DETAILED DESCRIPTION OF THE INVENTION

(5) The riveting unit 1 in the figures consists essentially of the riveting stamp 2 (not shown in FIG. 3), which is supported on a rivet stamp socket 3, wherein in the riveting stamp 2, an air guide sleeve 4 is arranged in an advantageous application of revelation from DE 100 38 158 B4, which serves as a hold-down during the riveting.

(6) The air guide sleeve 4 has a connection port 5 for supplying cooling air to the riveting stamp 2.

(7) The riveting unit 1 is constructed stretched along a longitudinal direction 6 and substantially cylindrical.

(8) Along the longitudinal direction 6 is more in the direction of application 7, i.e. in practice, usually lower end of the riveting unit 1, the riveting die 2 with its air guide sleeve 4.

(9) Contrary to the direction 7 of the cylindrical body, it is continued in a spring element 8, which is configured resiliently to a first coil spring 9 and a second coil spring 10 in the longitudinal direction 6 of the riveting unit 1, so that the rivet stamp socket 3 can be added with the attached riveting stamp 2 and the also mounted air guide sleeve 4 axially under construction or dismantling of a linear spring force in holder 11.

(10) There is a threaded ring 12, in which the function of a spindle can lengthen or shorten riveter 1 axially so that (not shown) a once given installation situation of the holder 11 on a tool in a riveting between the spring element 8 and the holder 11 sets smaller rivet forces.

(11) The holder 11 consists essentially of a retaining body 13, which is on one hand, a cylindrical receptacle 14 for the cylindrical body 15, which then continues into the spring element 8 and ultimately towards the riveting stamp 2 in the direction of attack 7; on the other hand has the support flange 13 by a projection 16 for placement on the tool carrier.

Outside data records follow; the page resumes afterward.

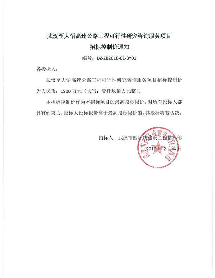 武漢至大悟高速公路工程可行性研究咨詢服務項目招標控制價通知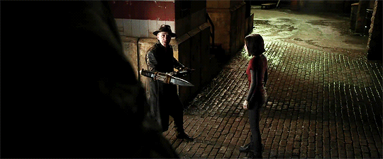En el tráiler vemos brevemente como Dyson (Christoph Waltz), que viste prendas oscuras y porta un martillo cohete, se cruza en un callejón oscuro con Alita mientras estaba en persecución de uno de sus blancos, el cual, por lo que se insinúa, está dispuesto a dar pelea.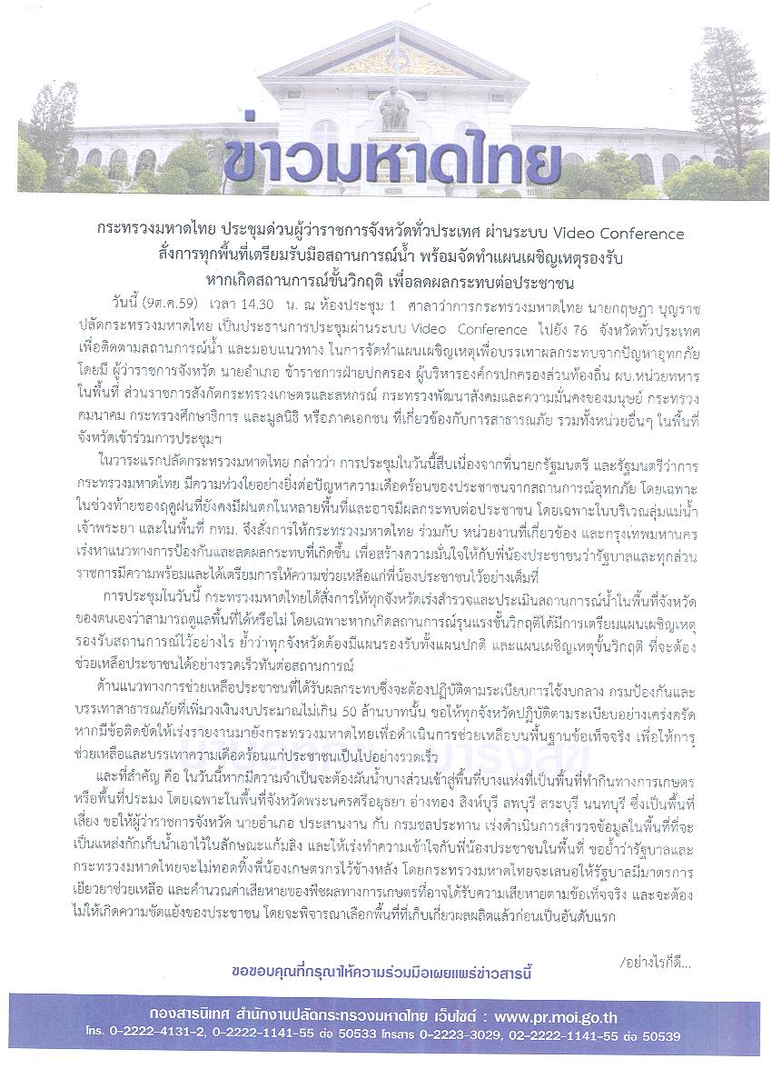 ข่าวมหาดไทย กระทรวงมหาดไทย ประชุมด่วนผู้ว่าราชการจังหวัดทั่วประเทศ ผ่านระบบ Video Conference สั่งการทุกพื้นที่เตรียมรับมือสถานการณ์น้ำ พร้อมจัดทำแผนเผชิญเหตุรองรับหากเกิดสถานการณ์ขั้นวิกฤติ เพื่อลดผลกระทบต่อประชาชน โดย กองสารนิเทศ สำนักงานปลัดกระทรวงมหาดไทย 10 ตุลาคม 2016 10 ตุลาคม 2016 10 ยอดวิว ก่อนหน้า มหาดไทยประชุมด่วนมอบแนวทางการบริหารจัดการน้ำในพื้นที่ให้แก่ผู้ว่าฯ นายอำเภอ กำนัน ผู้ใหญ่บ้านทั่วประเทศ ผ่านระบบ Video conference ย้ำทุกหน่วยต้องเร่งให้ความช่วยเหลือและแก้ไขปัญหาความเดือดร้อนของประชาชน ถัดไป กระทรวงมหาดไทยแจ้งทุกจังหวัด จัดพิธีสวดพระอภิธรรม หรือพิธีกรรมทางศาสนาของแต่ละศาสนา เพื่อให้พี่น้องประชาชนในต่างจังหวัดได้มีส่วนร่วมในพิธีบำเพ็ญพระราชกุศลพร้อมกับในส่วนกลาง บทความที่เกี่ยวข้อง องคมนตรี เป็นประธานในพิธีบำเพ็ญกุศลอุทิศถวายแด่ พร... 11 ธันวาคม 2025 มท.2 “ทรงศักดิ์ ทองศรี” ลงพื้นที่จังหว... 11 ธันวาคม 2025 “ศักดิ์ดา วิเชียรศิลป์” รมช.มหาดไทย ลงพื้นที... 11 ธันวาคม 2025 มหาดไทย เปิดเวทีแลกเปลี่ยนองค์ความรู้ขับเคลื่อนพัฒ... 11 ธันวาคม 2025 ที่ปรึกษา รมว.มหาดไทย ลงพื้นที่ปราจีนบุรี ตรวจเยี่... 11 ธันวาคม 2025 รมช.มหาดไทย “ศศิธร” ลงพื้นที่ตรัง มอบนโยบายขับเคลื... 11 ธันวาคม 2025 รมช.มหาดไทย “ทรงศักดิ์ ทองศรี” ลงพื้นท... 10 ธันวาคม 2025 รมช.มหาดไทย “ศักดิ์ดา วิเชียรศิลป์” ปร... 10 ธันวาคม 2025 รองปลัด มท. “ภาสกร บุญญลักษม์” ประชุมต... 10 ธันวาคม 2025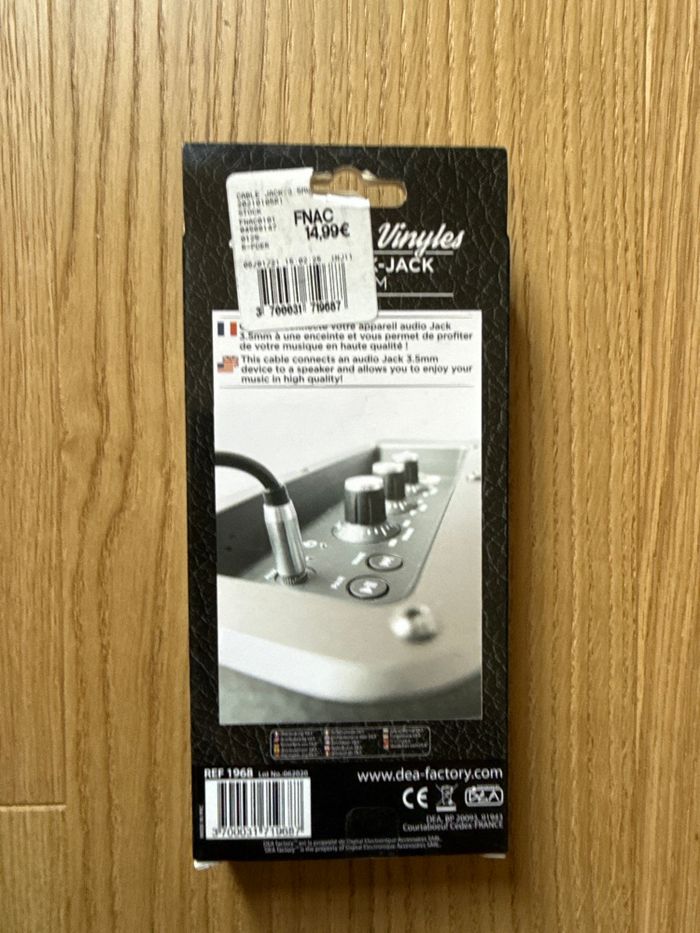 Câble audio jack 3,5 mm / jack 3,5 mm, longueur 1,5 m. Modèle premium avec connecteurs en aluminium. Idéal pour relier smartphone, ordinateur, platine, ampli ou enceinte compatible. Exemplaire neuf, jamais utilisé. Envoi rapide et soigné. Remise en main propre possible sur Paris 3. N’hésitez pas si vous avez des questions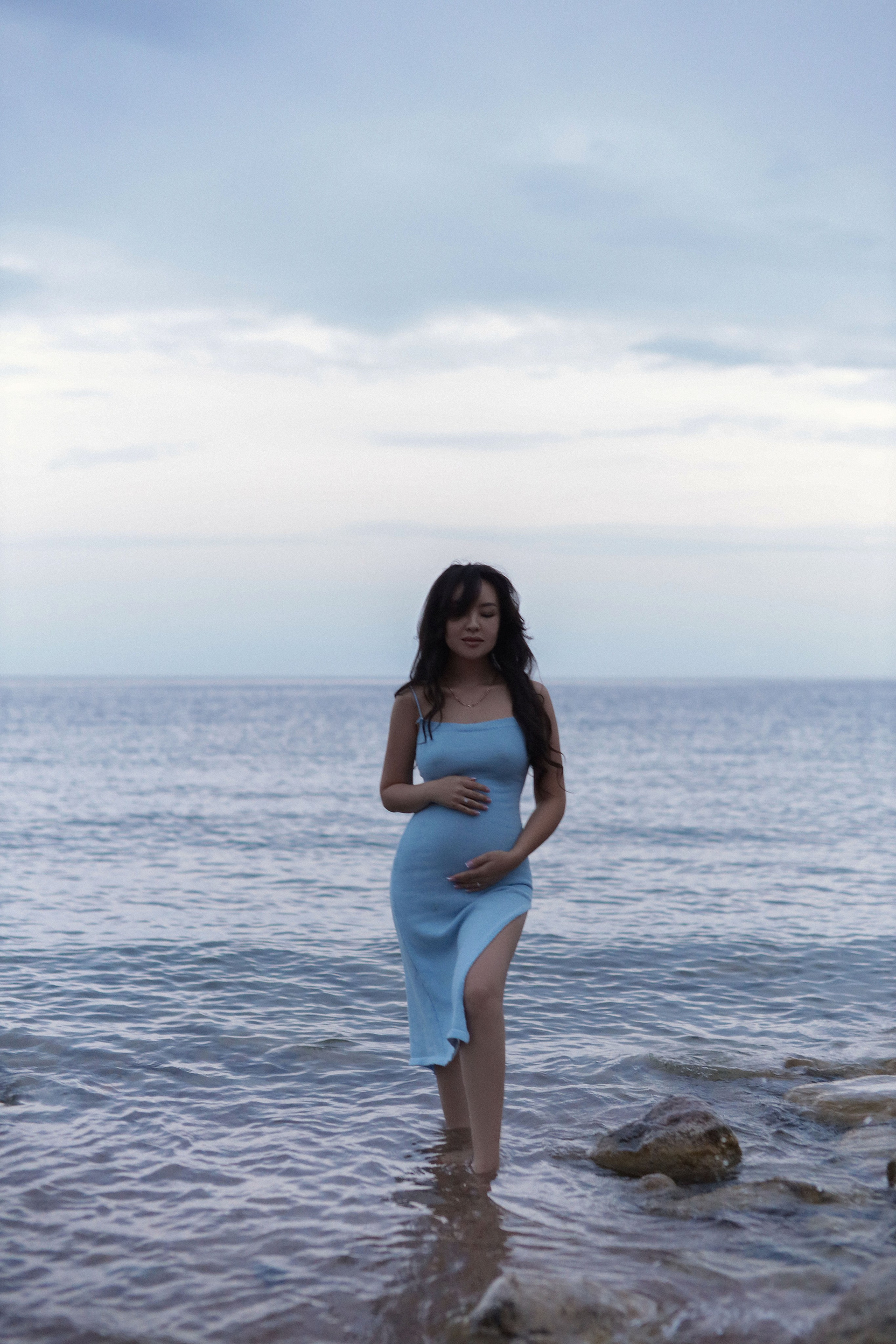 красивое вязанное платье голубого цвета,размер S\M. спинка регулируется,длина ниже колена,имеется разрез на ножке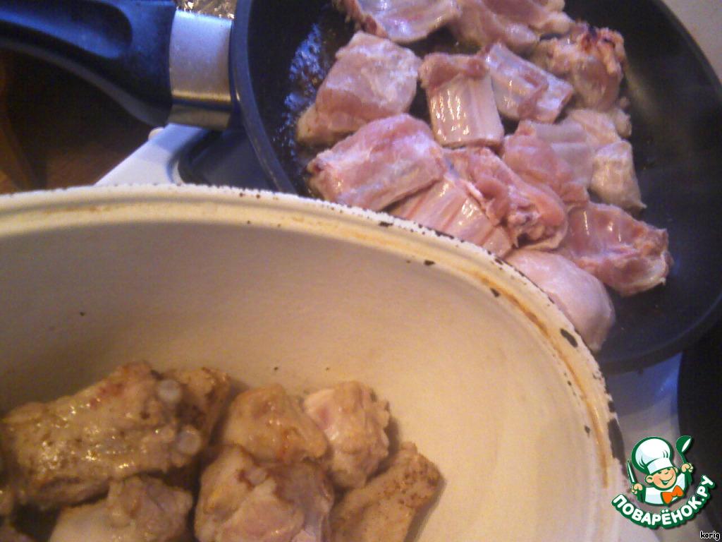 Режем лук мелко. Обжариваем в оставшемся масле после ребрышек. Лук выкладываем к мясу.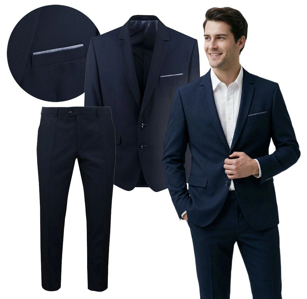 Granatowy Garnitur na Studniówkę lub Wesele - Taliowany - Casino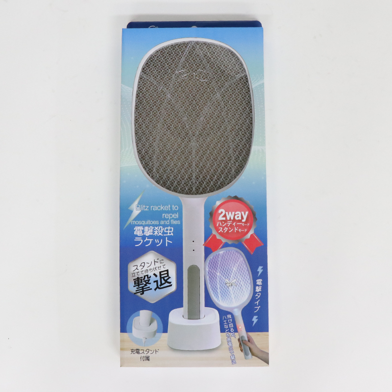 2800Vの電気ショックでハエや蚊を撃退します。立てて待ち伏せるスタンドモードと、直接当てに行けるハンディモードの2WAY仕様です。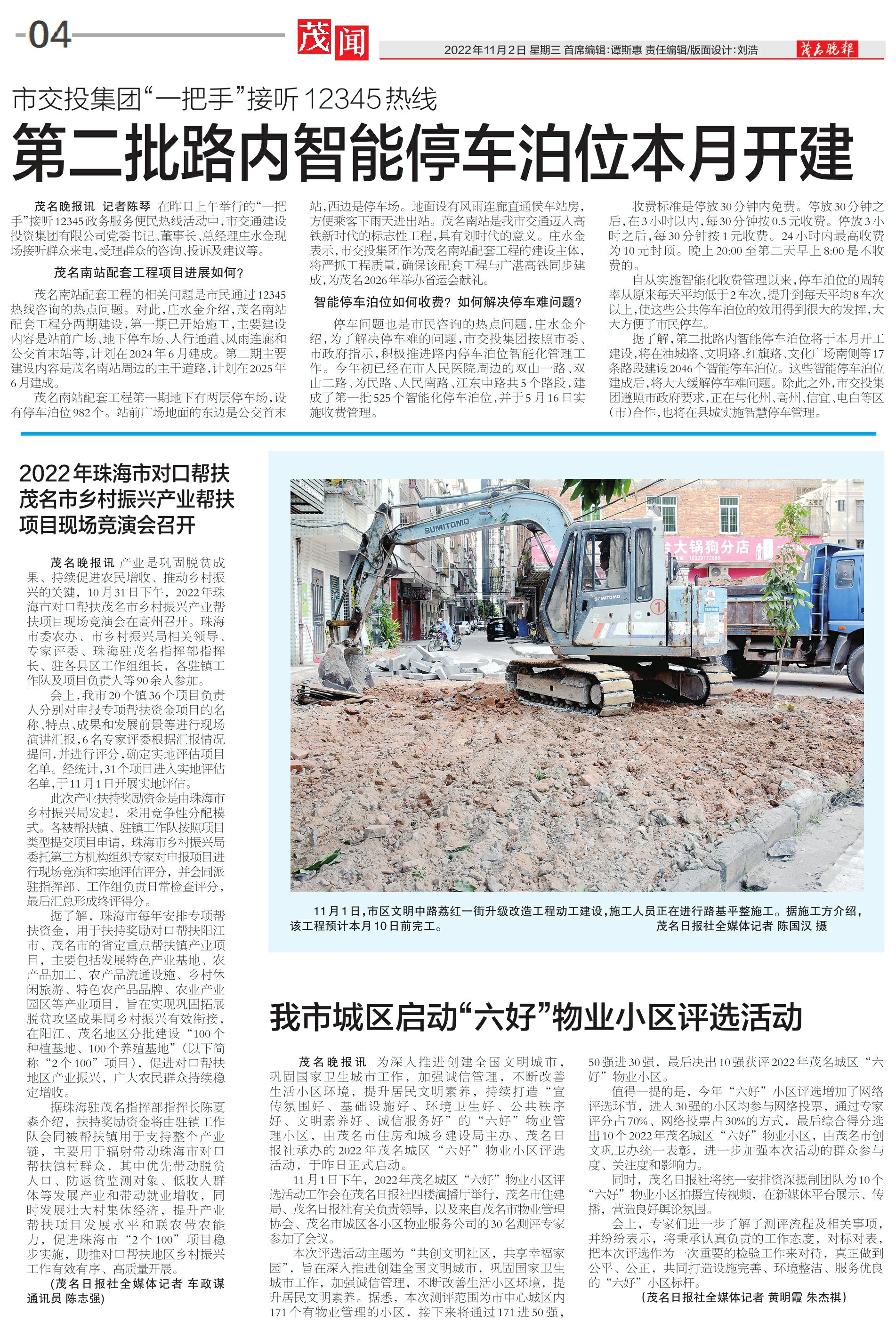 茂名南站配套工程的相关问题是市民通过12345热线咨询的热点问题。对此,庄水金介绍,茂名南站配套工程分两期建设,第一期已开始施工,主要建设内容是站前广场、地下停车场、人行通道、风雨连廊和公交首末站等,计划在2024年6月建成。第二期主要建设内容是茂名南站周边的主干道路,计划在2025年6月建成。

(12) In the embodiment chosen here, the projection 16 is in applying a longitudinal force along the direction of attack 7, in practice as a force opposite to the direction of attack 7, prone to bend around a bending axis 17. This means that upon application of a riveting force, a material expansion takes place at a lower side 18 of the projection 16. There is a strain gauge 19 arranged, that registers the extension of the underside 18 of the projection 16 and is also connected to a data attached to the riveting unit 1 amplifier 20.

(13) In use, the riveting unit 1 of the tool carrier travels with a variety of riveting units 1 along the direction of attack 7 against the rivets 50 of a component 55 and sets the riveting stamp 2 on the rivet 50. The further forward movement of the tool holder in the direction of attack 7, the riveting die 2 are driven into the rivet 50, thus deforming the rivet 50.

(14) A flat plate bending 21 ensures that the plastically deformed expectant material of the plastic rivet 50 is placed flat on the outside of the two connected components, i.e. on the side of the rivet 50, which is located on the component 55.

(15) During deforming, the pressure acting axially against the direction of application 7 is to be determined in the force of the riveting unit 1 via the deformation at strain gauge 19, in the pre-amplified to be transmitted by the strain gauge 19 at the data amplifier 20, and then a controller (not shown) on the tool station is fed.

(16) Finally, a logging and/or a changed setting the rivet forces can be done.

(17) It is understood that the embodiment presented here is only one of numerous possible designs.

(18) The scope of the present patent application is determined solely by the claims, while the embodiment is intended only to illustrate one possible embodiment of the invention.